◆ SOURCE INFORMATION ◆
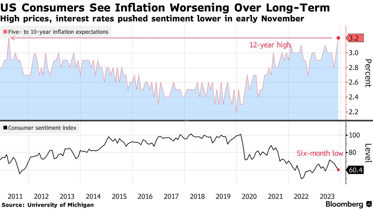 美国消费者对长期通货膨胀预期升至自2011年以来的最高水平,同时对高借贷成本和经济前景的担忧在11月初加剧,给情绪带来了新的打击。
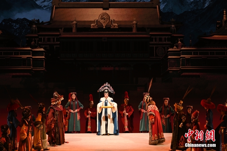 10月11日晚,大型新編歷史粵劇《文成公主》在廣東廣州大劇院首演。該劇以文成公主和親進(jìn)藏的歷史事件為依據(jù)創(chuàng)作,講述了文成公主堅(jiān)守吐蕃四十年,促進(jìn)了吐蕃經(jīng)濟(jì)、文化的發(fā)展,加強(qiáng)了漢藏人民的友好關(guān)系。中新社記者 陳楚紅 攝
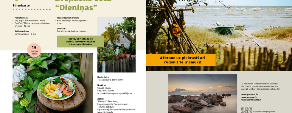 Akcijas brošūru ar ēdienkartēm var lasīt te - https://www.visittukums.lv/pdf_viewer/majas_kafe_2024_web.pdf
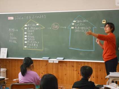 「じぶんで できるよ」に入りました。今日は、「じぶんの いちにちを みつめよう」です。「ここでは」自分自身の生活を見つめ直すことで、家族の一員として自分ができそうだな、やってみたいなと思うことに挑戦します。そして、この一年間で自分ができるようになったことに自信をもったり、家族の思いに気付いたりして、どんどん大きく成長してほしいと願います。
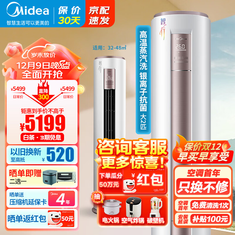 美的(Midea)2匹变频柜机 新一级能效 变频冷暖 立式空调柜机 智能家电 自清洁 智行 KFR-51LW/BDN8Y-YH200(1)A价格:5199.00元!
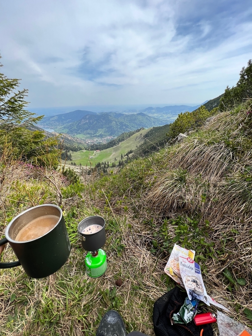 Ich war am Wochenende mit meinem Bruder und einem Freund in der Gegend um den Spitzingsee wandern. Am ersten Tag haben wir den Brecherspitz bestiegen und dann auch in der Nähe unser Lager aufgeschlagen. In der Früh konnten wir den Sonnenaufgang bewundern und mit Blick auf den Schliersee Porridge & Kaffee frühstücken. Zum Abschluss haben wir noch auf einer Alm Kaiserschmarrn gegessen.
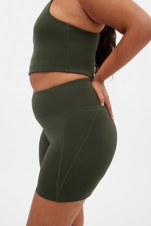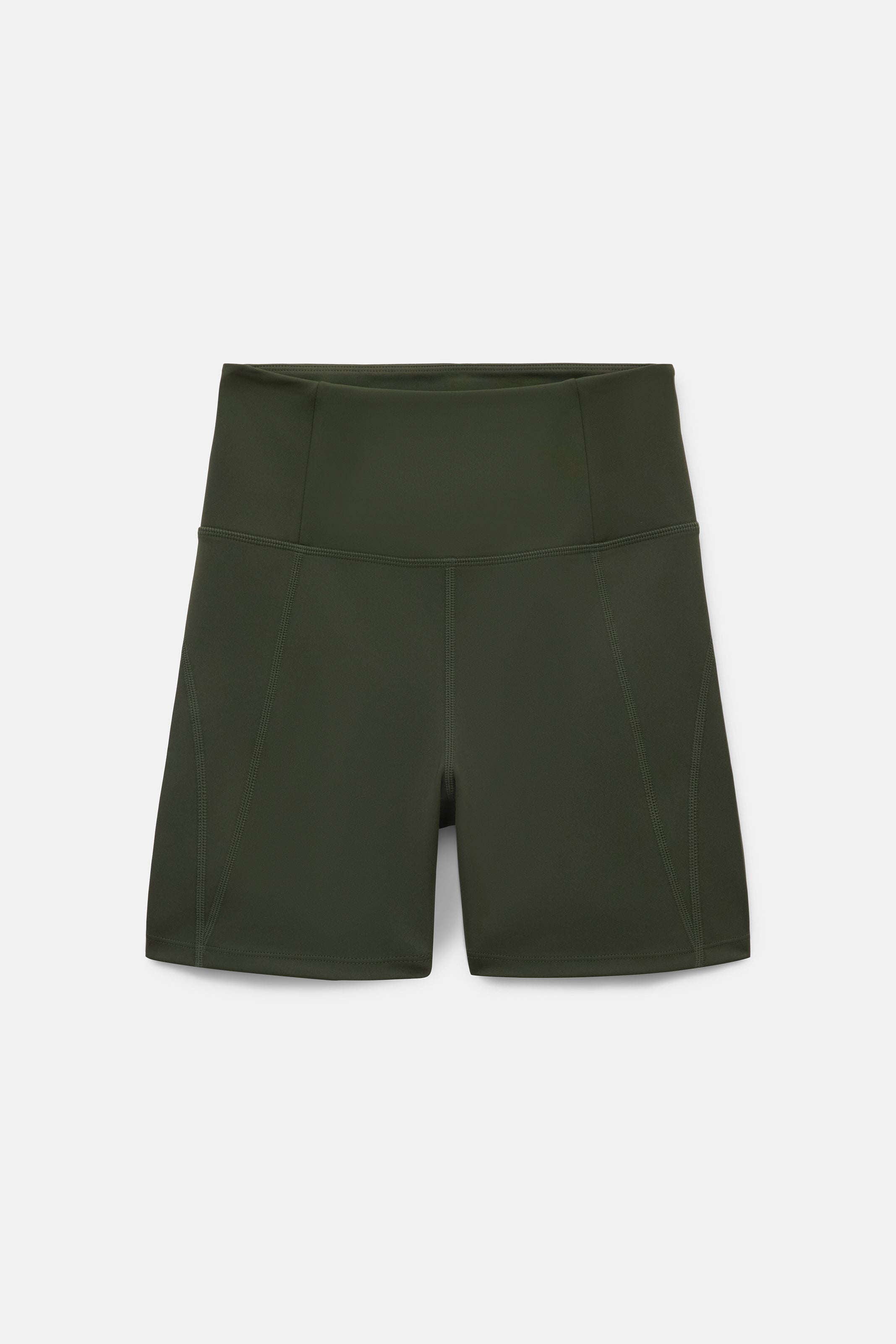 Sweat-wicking, sheer-proof compressive shorts with an ultra-high rise and a 4.75” inseam.
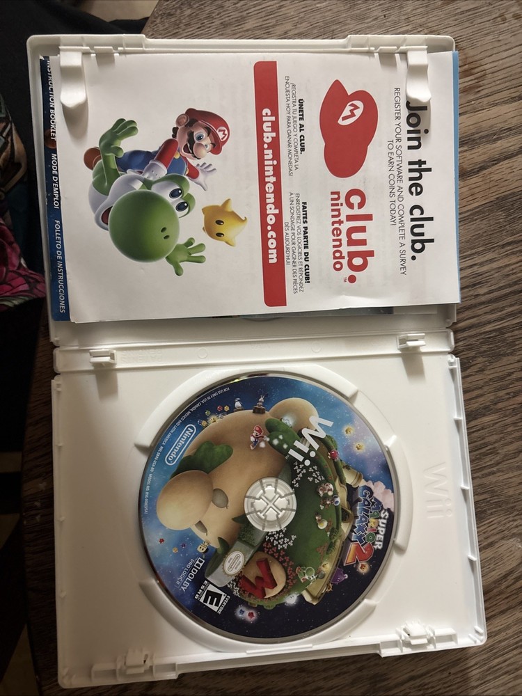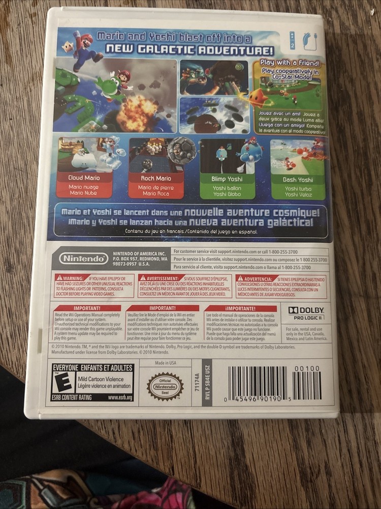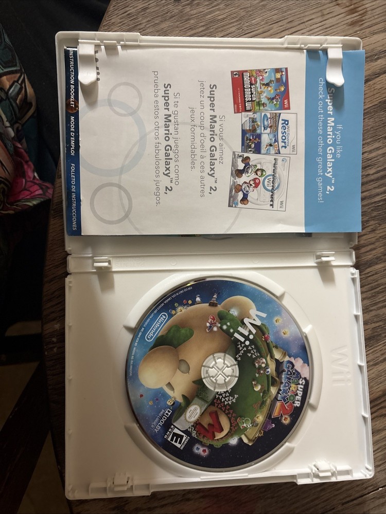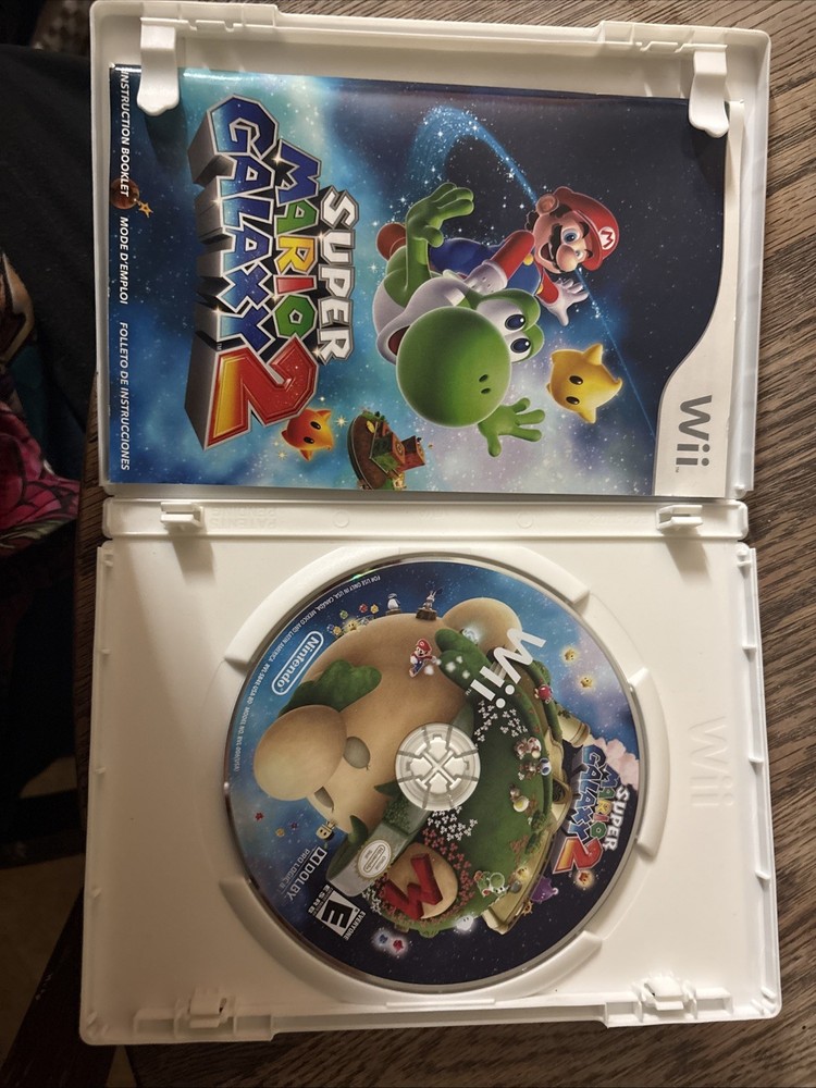 The product is Super Mario Galaxy 2 for the Nintendo Wii, released in 2010 by Nintendo. This platformer game is part of the popular Super Mario series and is rated E for Everyone. It includes the manual and supports multiplayer gameplay, making it a complete and enjoyable gaming experience for players of all ages. The game is in NTSC-U/C (US/Canada) region code, showcasing its original design and features for fans of the franchise.
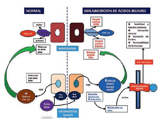 Los AB tienen la capacidad de solubilizar los ácidos grasos y monoglicéridos (producto de los triglicéridos) permitiendo su absorción 10. Los AB primarios, el ácido cólico y el ácido quenodesoxicólico son sintetizados en el hígado a partir del colesterol, se conjugan con glicina y taurina que aumentan su hidrosolubilidad y su secreción biliar 11. Los AB secundarios, como el ácido desoxicóli-co y el ácido litocólico, son generados a partir de los AB primarios por modificaciones realizadas por las bacterias, esto aumenta su absorción pasiva a nivel colon 12-14. La circulación enterohepática de AB fue descrita hace más de 40 años 15,16. El 95% de los AB primarios se reabsorben a nivel del íleon distal por el transportador apical activo dependiente de sodio de AB (ASBT) y regresan al hígado a través de la circulación portal 16,17. El 5% restante se elimina por las heces y se restituye por la síntesis hepática de novo, la cual es de aproximadamente 500 mg por día 18. La enzima colesterol 7 a-hidroxilasa (CYP7A1), integrante del citocromo P450, es la encargada de convertir el colesterol en 7 a-hidroxi-colesterol y es la principal reguladora del primer paso de la síntesis de AB. El receptor del hígado X y el receptor farnesoide X (FXR) están relacionados con la activación e inhibición de la CYP7A1, respectivamente 19. En los enterocitos del íleon, la unión de los AB con el FXR lleva a inducción transcripcional del factor de crecimiento del fibroblasto 19 (FGF19); la unión del FGF19 al receptor de membrana del hepatocito FGF tipo 4 (FGFR4) y su correceptor Klothob, activa vas intracelulares que disminuyen la expresión de CYP7A1 11,20, esto es un ejemplo claro de retroalimentación negativa hígado-íleon. Se ha encontrado en distintos estudios, que explican el posible mecanismo de mala-absorción de AB, niveles bajos de FGF19 en pacientes con mala-absorción idiopática de AB e inversión de la relación FGF19 y 7 a-hidroxi-4-colesten-3-ona (C4), este último es un indicador de la síntesis de AB 21,22.
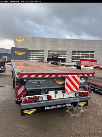 24 month guarantee from first registration, hydraulically steered hydraulically steered Nato Stweckdose central lubrication system fifth wheel dimension 1120 - 1300 mm loading height 1340 - 1520 mm depending on fifth wheel dimension 10t lashing eyes in the edge frame spacing 1200mm excess length board remote control rotating beacon pluggable LED 220V socket extension lights 3 axle telescopic semitrailer 1x extendable up to 7500 mm (500 mm steps) loading floor 28mm hardwood 10 ton lashing eyes in the edge frame (spacing 1200 mm) stake pockets in the edge frame for stakes 81 x 5 1mm removable front wall made of steel 1800mm high
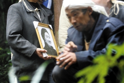 昨日,“爱情天梯”女主人公徐朝清的葬礼在家乡举行。图为儿子抱着母亲遗像送她上山。陈超 摄

◆ GOAL OF THE EXERCISE ◆
Repeat verbatim the lines between the start of the data and the line containing "Akcijas brošūru ar", both ends included, omitting all pictures.

◆ EXERCISE RESPONSE ◆
 美国消费者对长期通货膨胀预期升至自2011年以来的最高水平,同时对高借贷成本和经济前景的担忧在11月初加剧,给情绪带来了新的打击。
 10月11日晚,大型新編歷史粵劇《文成公主》在廣東廣州大劇院首演。該劇以文成公主和親進(jìn)藏的歷史事件為依據(jù)創(chuàng)作,講述了文成公主堅(jiān)守吐蕃四十年,促進(jìn)了吐蕃經(jīng)濟(jì)、文化的發(fā)展,加強(qiáng)了漢藏人民的友好關(guān)系。中新社記者 陳楚紅 攝
 Akcijas brošūru ar ēdienkartēm var lasīt te - https://www.visittukums.lv/pdf_viewer/majas_kafe_2024_web.pdf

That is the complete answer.